MATERIALS PROVIDED START

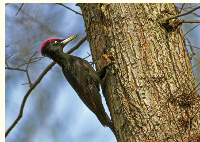
Schwarzspecht / Pic noir (Kai)

En parallèle du vieux Rhin s'écoulent une multitude d'anciens bras du fleuve, caractéristiques de ce secteur, où vivent coquillages, poissons, écrevisses, grenouilles, tritons et larves de libellules prédatrices. Les visiteurs les plus chanceux parviendront à apercevoir une couleuvre à collier ou un martin-pêcheur d'Europe. Dans la roselière qui longe la rive couverte de végétation, couve le râle d'eau, un oiseau farouche. On trouve
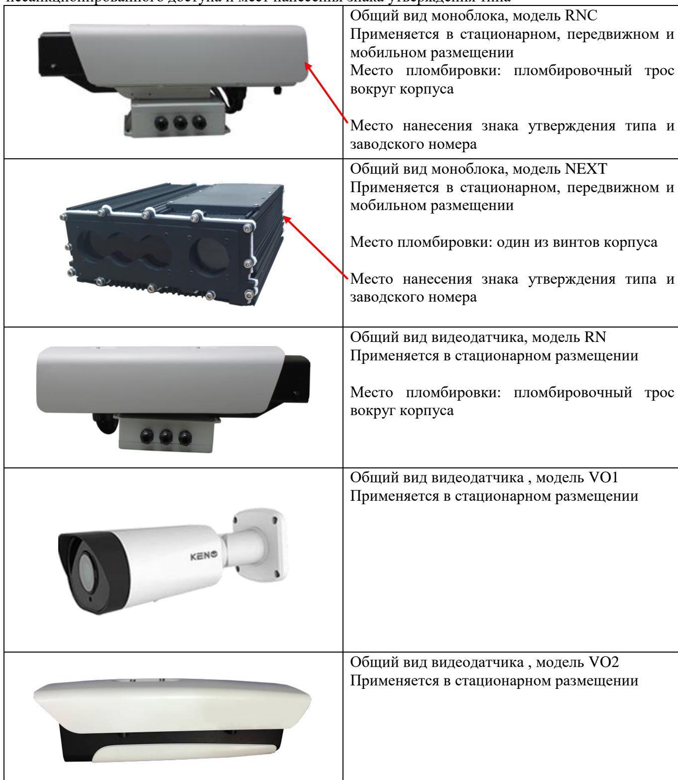
Таблица 1 – Общий вид составных частей комплексов с указанием мест пломбировки от несанкционированного доступа и мест нанесения знака утверждения типа
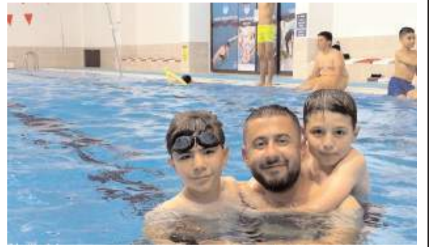
Kargı Cumhuriyet Yatılı Bölge Ortaokulu öğrencileri güzel bir gün geçiriyor.

Öğrenciler Tosya Belediyesi'ne teşekkür etti.
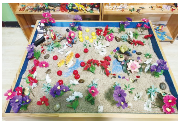
图5 第五次团体箱庭
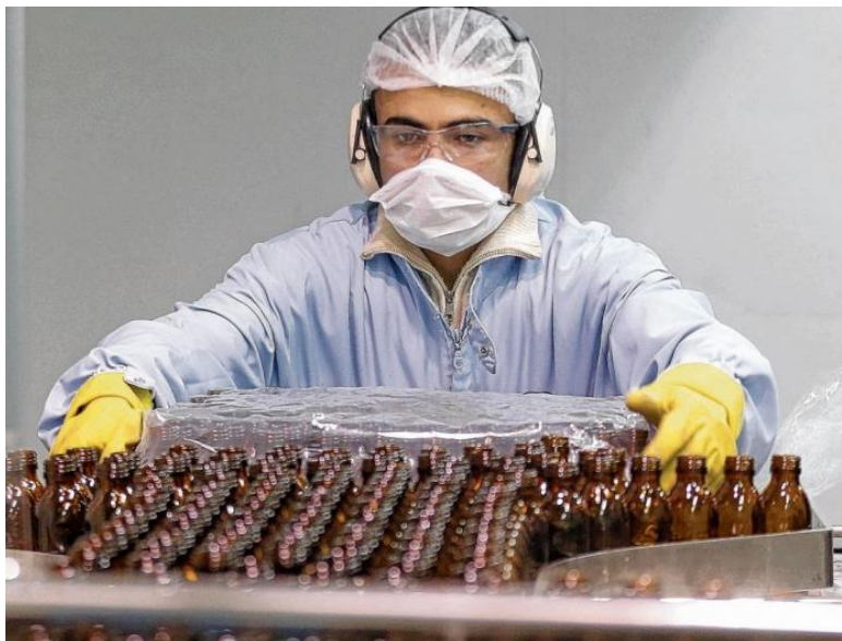
Temas de la industria farmacéutica, uno de los aspectos que quedaban pendientes.
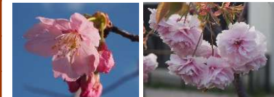
オオシマザクラ フゲンゾウ
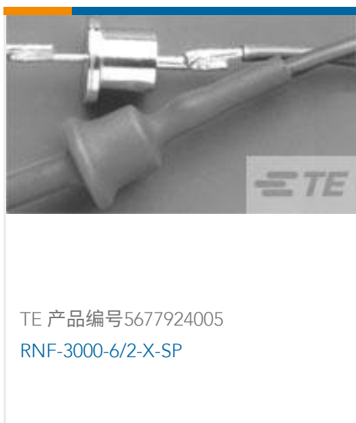
TE 产品编号5677924005 RNF-3000-6/2-X-SP
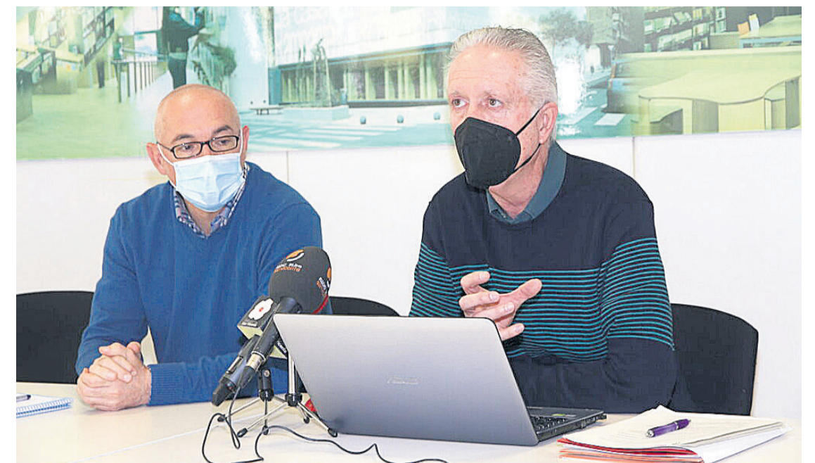
El edil de Hacienda y el alcalde presentaron las cuentas en rueda de prensa

materialización de la futura construcción del albergue de animales, etc..".
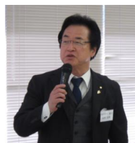
ガバナー補佐 金谷晋爾様
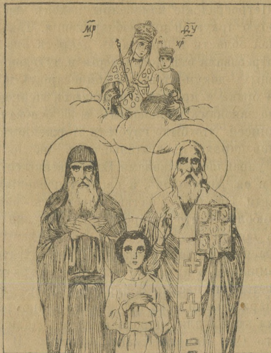
Св. Лаврентій еп. Тур. Св. м. Гавріиль Св. Кирилл. еп. Туров. Слущкій.

Часть официальная.—Письмо Предсѣдателя Православнаго Миссіонерскаго общества.—Опредѣленіе Святейшаго Синода.—Епархіальныя распоряженія.—Вакантныя мѣста.—Вѣдомость.—Отъ редакціи Минск. Епарх. Вѣдомостей
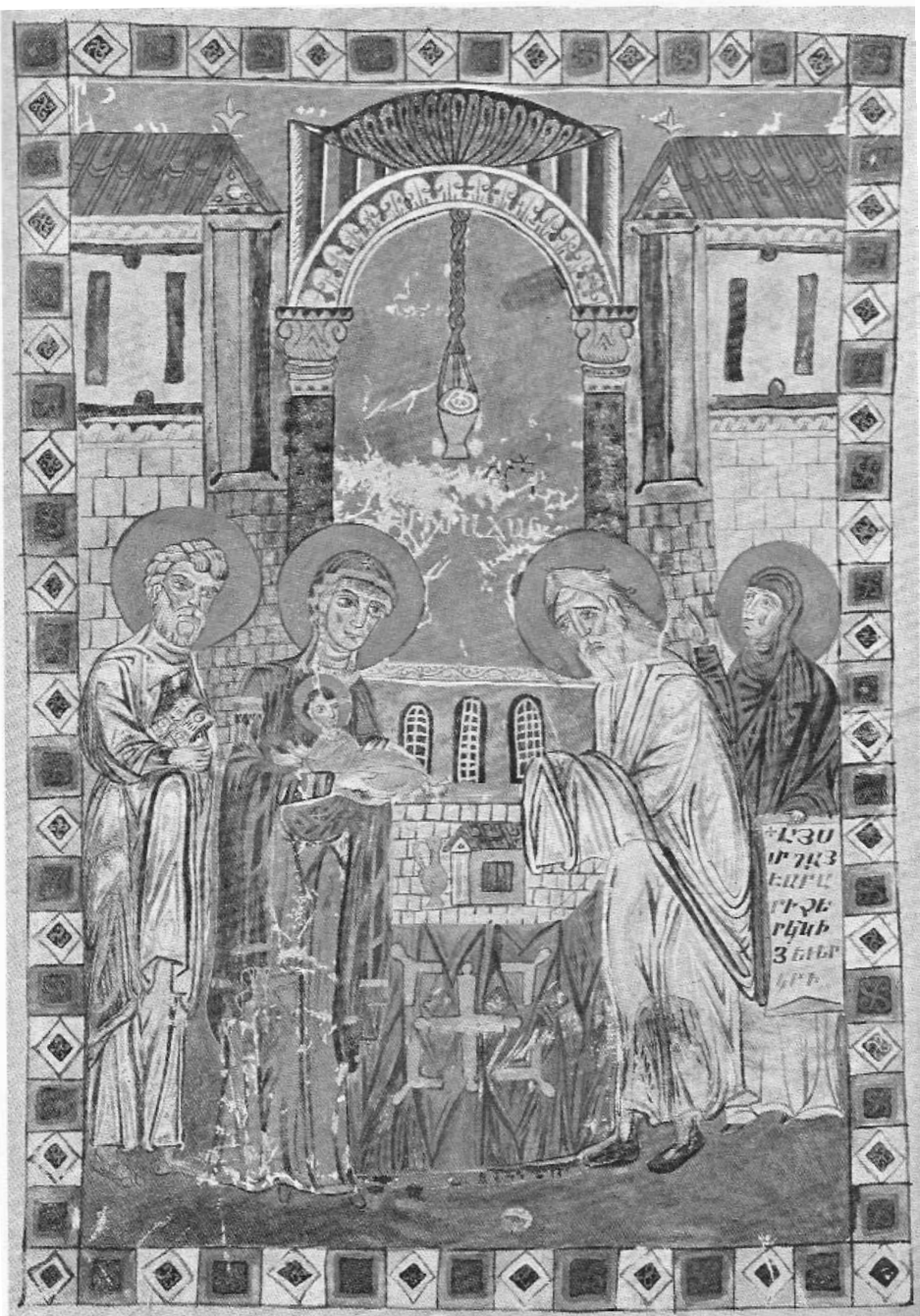
“The Presentation in the Temple”
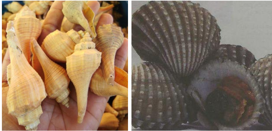
Ilustrasi 4.26: Keong'bako' ( hemifusus ternatanus ) dan Jenis kerang ( Bivalvia )/Tiram
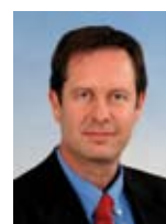
אופיר פז פינס שר המדע והטכנולוגיה
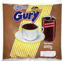
1829 ACHOCOLATADO GURY | 24X400GR 7896274201402
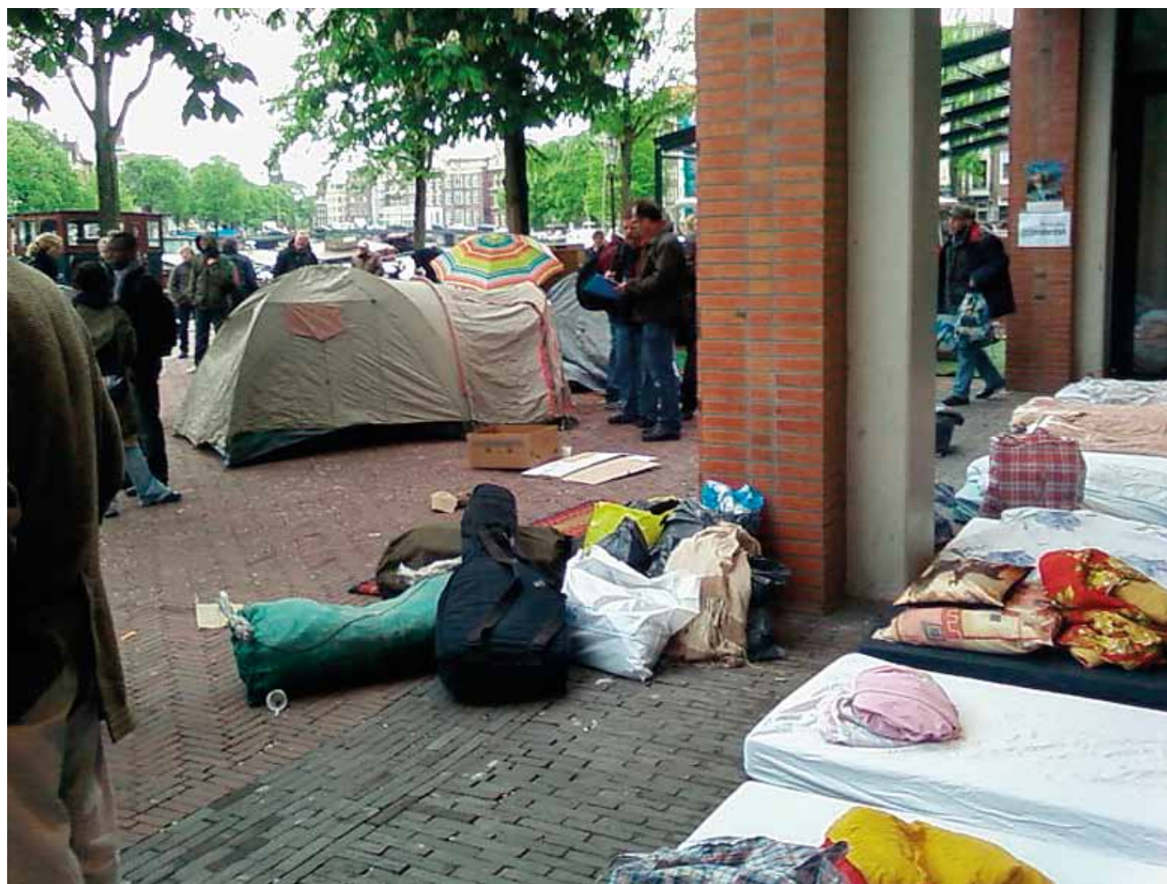
(Z)onderdak - protestactie bij de Stopera.
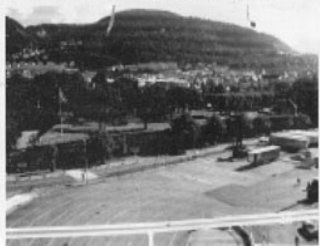
Alltid godt å komme hjem til Bergen.
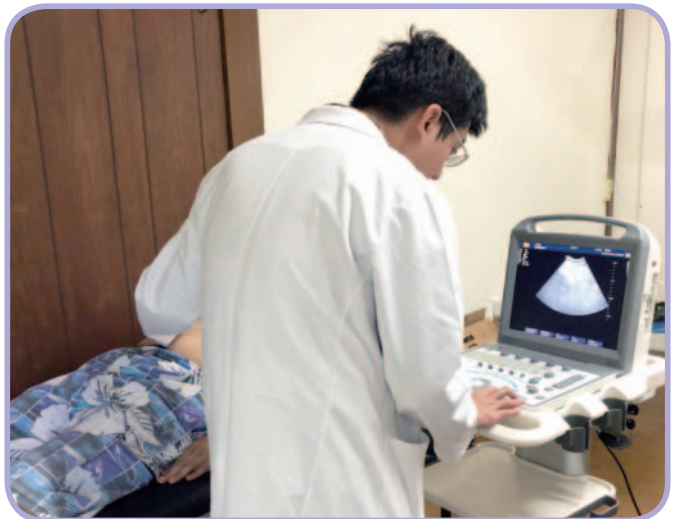
▲胃腸肝膽科醫師執行山區民眾肝臟超音波檢查

從早期急性病診治到後來的專科醫療導入，復興區的醫療已成熟並朝個案健康管理及預防醫學方向邁進，林口長庚將持續配合衛福部健保署「居家醫療」、「遠距醫療」、「肝炎防治」等重大政策，同時善盡社會責任並加強現有服務，為提升復興區山地醫療水準貢獻心力。☞
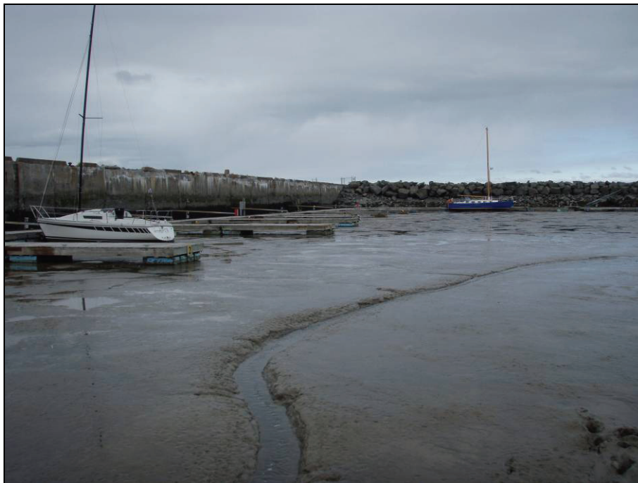
Photographie # 2

Marina de Rivière du Loup, marée basse, vue vers le nord, 29 avril 2010
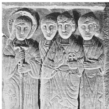
Promesse per Aquileia Madiere un romanzo postumo
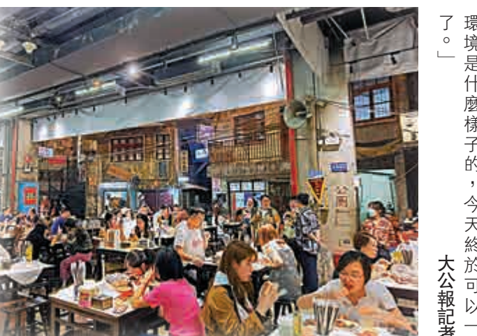
「在長沙文和友內老舊的街頭吃小龍蝦，別有一番風味。」

每到節假日，以「美食+懷舊」主打的長沙文和友龍蝦館，都會以排號數萬桌的新聞火上熱搜，去年的國慶黃金周，儘管受疫情影響，文和友依舊以「排號四萬號，等位兩萬人，客流峰值六點八萬人次」成為「網紅打卡」的熱門地點。晚上七點，文和友海街廣場店門外已經排起長長的隊伍，有數百位顧客在店外等待。長沙文和友共七層，是在現代感十足的商業綜合體內，復刻上世紀七八十年代長沙市井的舊貌。在這裏除了可以吃到傳統長沙美食，還能「穿越」回八十年代的長沙，感受火熱、親切的市井生活。
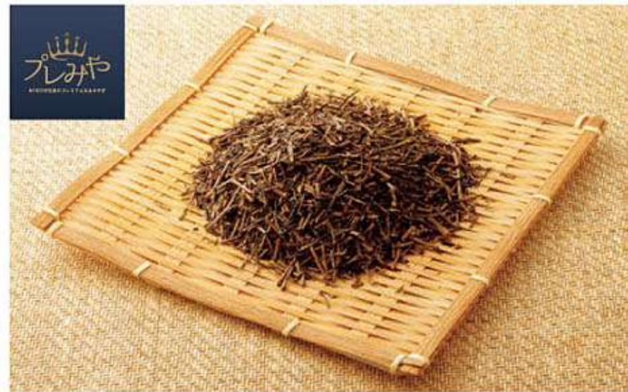
金沢ほうじ棒茶 松乃棒

茶の部分を焙じた「棒茶」は金沢が発祥の地と言われており、石川県で愛飲されています。「石川県ふるさと食品認証制度」の認証基準認定品目の一つである「棒茶」は、味・品質にこだわった少し濃いめで飲みごたえのしっかりした深い味わいのお茶です。舌かな香りも存分に楽しんでいただけます。
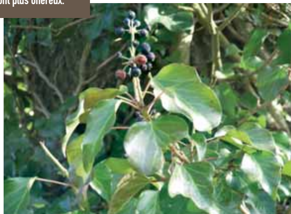
Le lierre, source potentielle de nourriture en hiver.

sez à son intégration dans le lieu d'implantation et enfin définissez le temps et les moyens que vous pourrez consacrer à l'entretien (cf. Chasseur de l'Est n° 113). Les deux premières réflexions sont à mener de front car les rôles de la haie sont liés à sa localisation et à son intégration dans un réseau de haies existantes. Attention, le site d'implantation peut impliquer des facteurs limitants qui doivent être anticipés ! Parmi eux, il y a le choix des essences (il est essentiel de déterminer une liste des essences possibles), la période d'accessibilité, l'impact sur le paysage et sur les parcelles adjacentes. Une haie peut avoir des fonctions différentes. Elle peut être hydrologiquement active par exemple. Lorsqu'elle est située en tra-
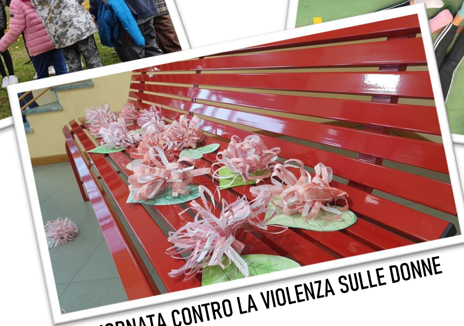
GIORNATA CONTRO LA VIOLENZA SULLE DONNE
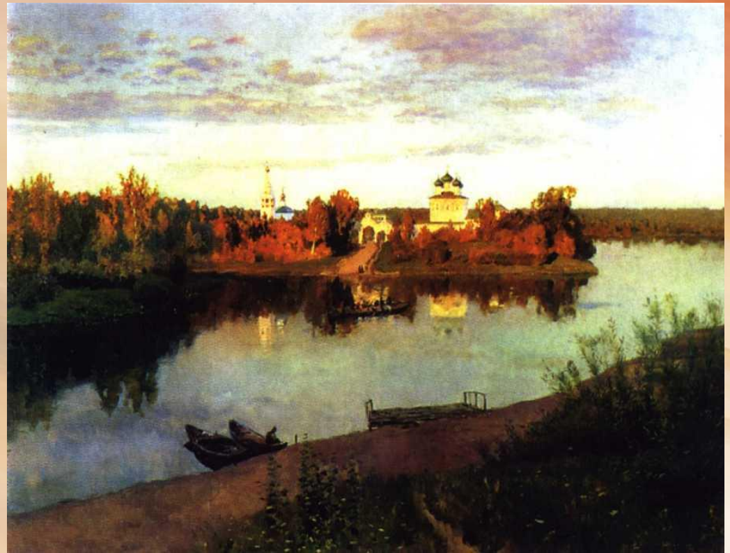
И.И.Левитан. Вечерний звон. 1892 г.
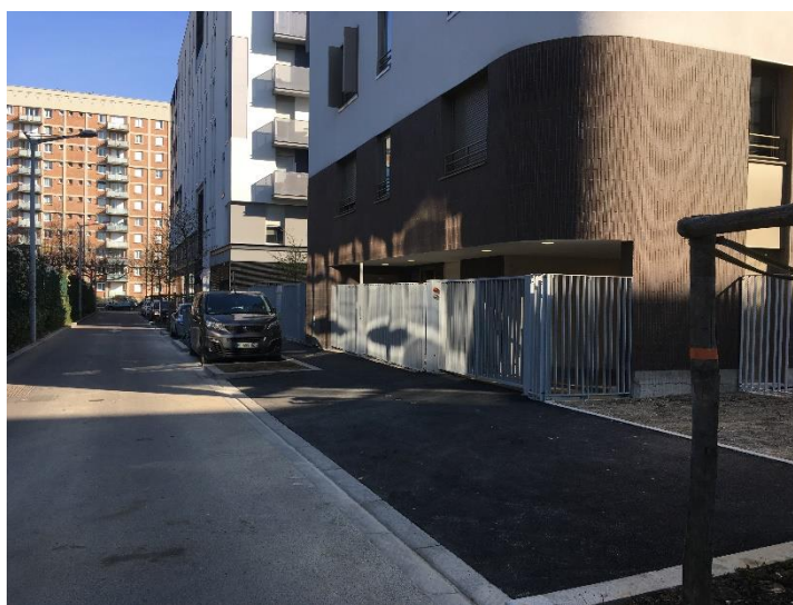
Trottoir rue des Carrières achevé en mars 2019
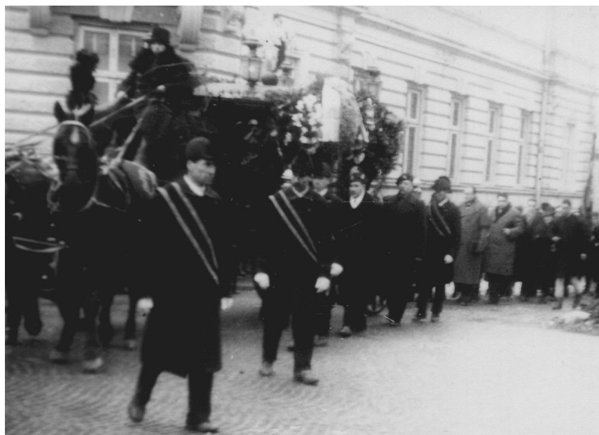
Spre cimitir, Cernăuți, 25 ian. 1939
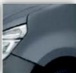
Kékes szürke- J47
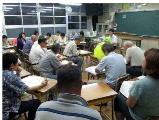
コミュニティ・スクール各部会
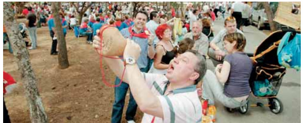
Un romero combate el calor en el ermitorio con un buen trago de vino. CARMERIPOLLÈS

Así, al son de "yo soy esa, la que me llevo los billetes y nadie se entera...", una Pantoja muy 'masculina' paseaba del brazo de su Julián ajena a sus disputas judiciales. Y es que, como bien dicen, en fiestas todo vale.
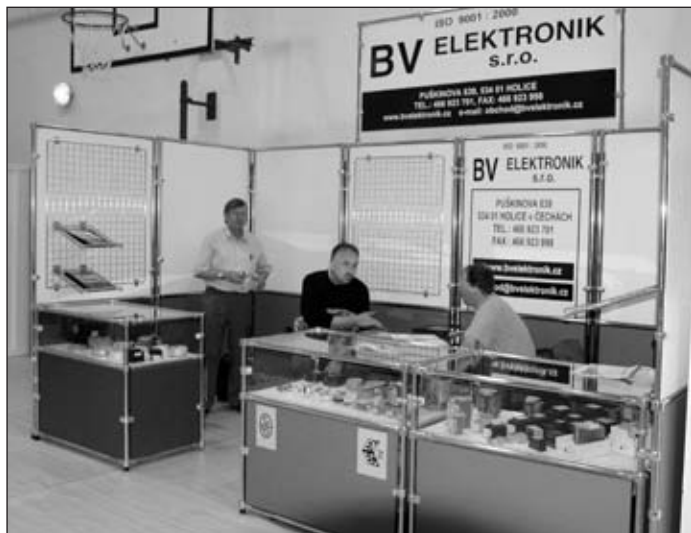
Holická firma BV elektronik na setkání

Poslední srpnový víkend neomylně signalizuje, že prázdniny se rychle chýlí ke svému konci a za dveřmi je nový školní rok. V Holicích však poslední srpnový víkend signalizuje i něco jiného. To „něco jiného“ je svátek všech nadšenců propadlých dálkovému vysílání, neboť nadešel čas dalšího mezinárodního setkání radioamatérů. Tentokrát se příznivci různých vlnových délek obého pohlaví, všeho věku a různých národností sešli v Holicích již po sedmnácté.
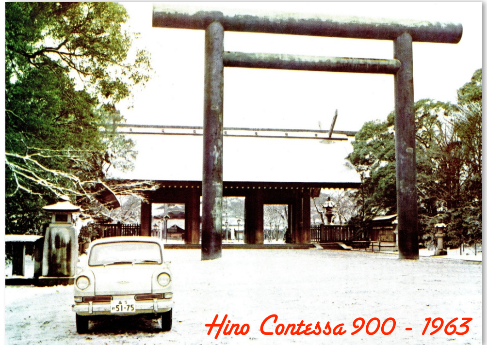
Hino Contessa 900 - 1963
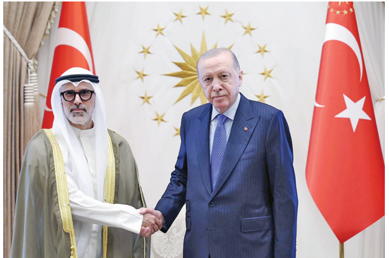
• وزير الخارجية لك لقاؤه الرئيس التركي

التقى وزير الخارجية الشيخ جراح جابر الأحمد أمس مع وزير خارجية الجمهورية التركية الصديقة هاكان فيدان خلال الزيارة الرسمية التي قام بها إلى العاصمة التركية أنقرة. وذكرت «الخارجية» الكويتية في بيان لها أنه تم خلال اللقاء استعراض العلاقات الثنائية الوثيقة بين البلدين والشعبين الصديقين والتأكيد على أهمية مواصلة تعزيز

MATERIALS PROVIDED END

* TASK ITEM: Throughout the data above, report every line that contains the string "وزير".

* YOUR RESPONSE:
• وزير الخارجية لك لقاؤه الرئيس التركي
التقى وزير الخارجية الشيخ جراح جابر الأحمد أمس مع وزير خارجية الجمهورية التركية الصديقة هاكان فيدان خلال الزيارة الرسمية التي قام بها إلى العاصمة التركية أنقرة. وذكرت «الخارجية» الكويتية في بيان لها أنه تم خلال اللقاء استعراض العلاقات الثنائية الوثيقة بين البلدين والشعبين الصديقين والتأكيد على أهمية مواصلة تعزيز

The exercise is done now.